I wrapped my magic cloth around him, picked him up and shone his eye-light about. The scrabbles and shouting from the other dogs behind me bounced off the smooth floor, lost themselves in the rough walls arching over. Where was the treasure the old biddy had
promised me in this chamber, the richest of all the three?
The dog burned and panted under my arm. I walked all around, prodding parts of the walls in case they should spill jewels at me or open into treasure-rooms. I reached into cavities hoping to feel bars of gold, giant diamonds—I hardly knew what.
All I found was the lighter the old biddy had asked me to fetch, the pink plastic Bic, lady-sized. And an envelope. Inside was a letter in boss-writing, and attached to that was a rectangle of plastic, with a picture of a foreign girl on it, showing most of her breasts and all of her stomach and legs as she stood in the sea-edge, laughing out of the picture at me.
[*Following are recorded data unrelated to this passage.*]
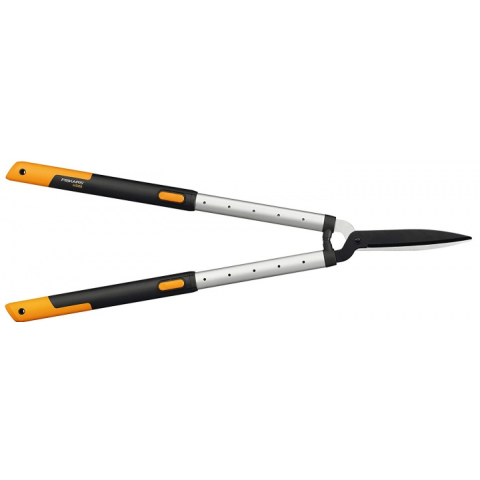 A Fiskars SmartFit HS86 teleszkópos sövénynyíró olló kényelmes kézi sövénynyíró olló sövények, fák és rózsabokrok visszavágásához. Az olló növények vagy bokrok formára nyírására is kiválóan alkalmas. Meghosszabbítható sövénynyíró olló A Fiskars SmartFit sorozathoz tartozó sövénynyíró olló az állítható hosszúságú karoknak köszönhetően nagyobb hatótávval rendelkezik. A kar egy gombnyomással 68 cm-ről 93 cm-re meghosszabbítható. Közben Ön
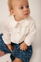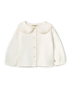 This adorable baby blouse is made from soft, pleasant, textured cotton fabric, crafted sustainably for delicate skin. It features a small double-layered collar trimmed with lace for a sweet touch. The front has a button-down placket with charming heart-shaped buttons, while long sleeves end in funnel-shaped cuffs also finished with heart-shaped buttons.
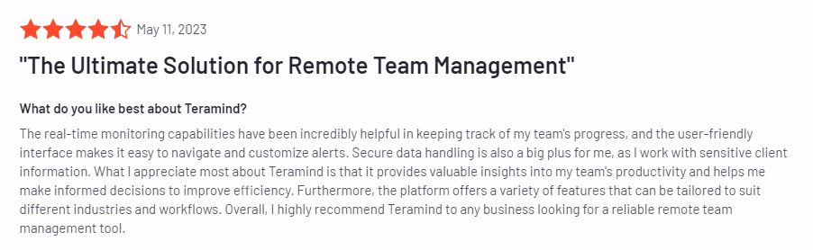 Las opiniones de los usuarios verifican la eficacia de las funciones de Teramind. Las funciones de monitoreo en tiempo real, seguimiento de proyectos y seguimiento de la productividad del software se han ganado los elogios de sus usuarios.
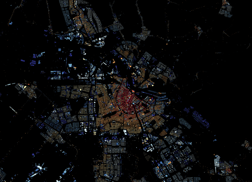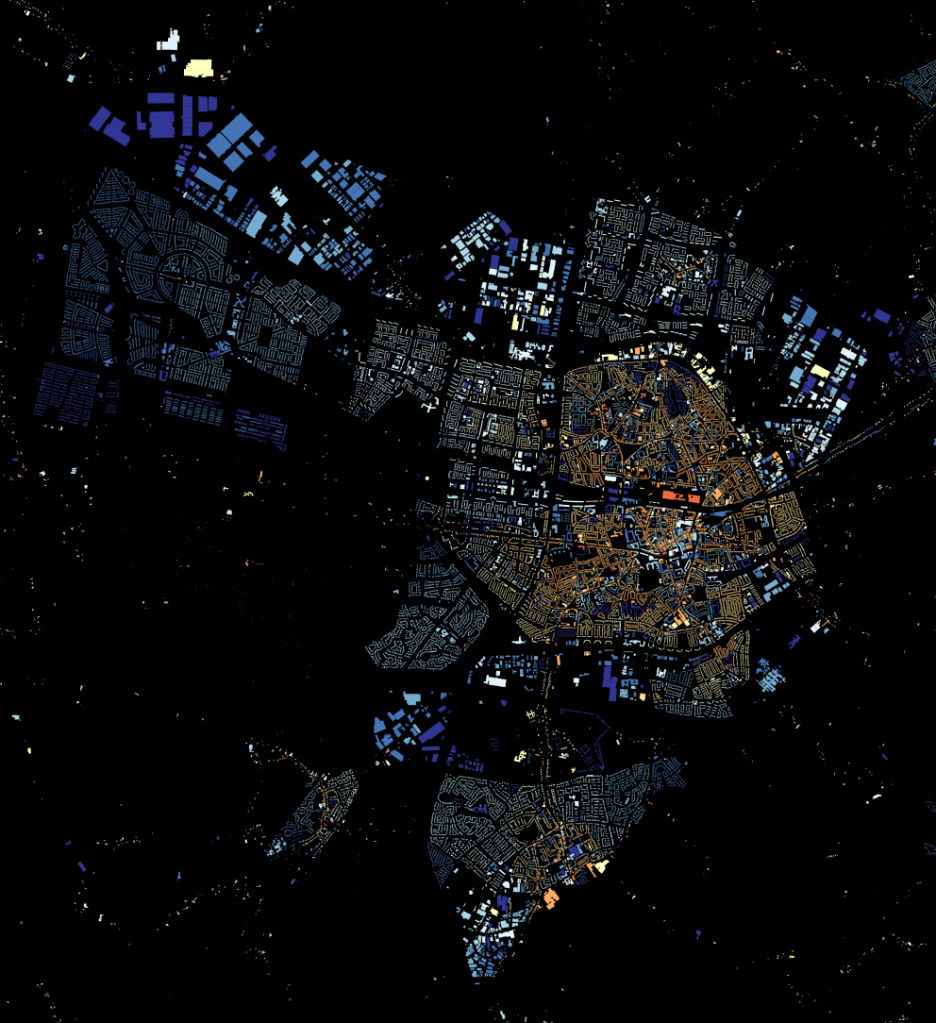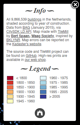 Bert Spaan colorcoded every building in the Netherlands according to their yaer of construction and visualized the resulting map of nearly 10 million buildings in a JavaScript leaflet webpage.

Someone was playing a joke on me, insulting my God and our women instead of delivering me the treasure I’d been promised.
I turned the thing over, rubbed the gold-painted lettering that stood up out of the plastic. Rubbish. Still, there were all those Yankee dollars, no? Plenty there for my needs. I pocketed the Bic and put the rubbish back in the hole in the wall. I crossed swiftly to the archway, turned in its safety and shook the dog out of the cloth. Its eyes flared wide, and its roar was part voice, part flame. I showed it my back. I’d met real fire, that choked and cooked people—this fairy-fire held no fear for me.
Back in the white dog’s chamber, I stuffed my pack as full as I could, every pocket of it, with the dollars. It was heavy! It and the white fighting dog were almost more than I could manage. But I took them through and into the red-lit carrion-cave, and I subdued the mangy dog there. I carried him across to where rope-end dangled in its root-lined niche, and I pulled the loop down around the bulk of the money on my back, and the dog still in my arms, and hooked it under myself.
There came a shout from above. Praise God, she had not run off and left me.
Yes! I cried. Bring me up!
When she had me well off the floor, I cast the red-eyed dog out of the apron-cloth. He dropped; he ballooned out full-sized, long-shanked. He looked me in the eye, with his lip curled and his breath fit to wither the skin right off my face. I flapped the apron at him. Boo, I said. There. Get down. The other two dogs bayed deep below. Had they made such a noise at the beginning, I never would have gone down.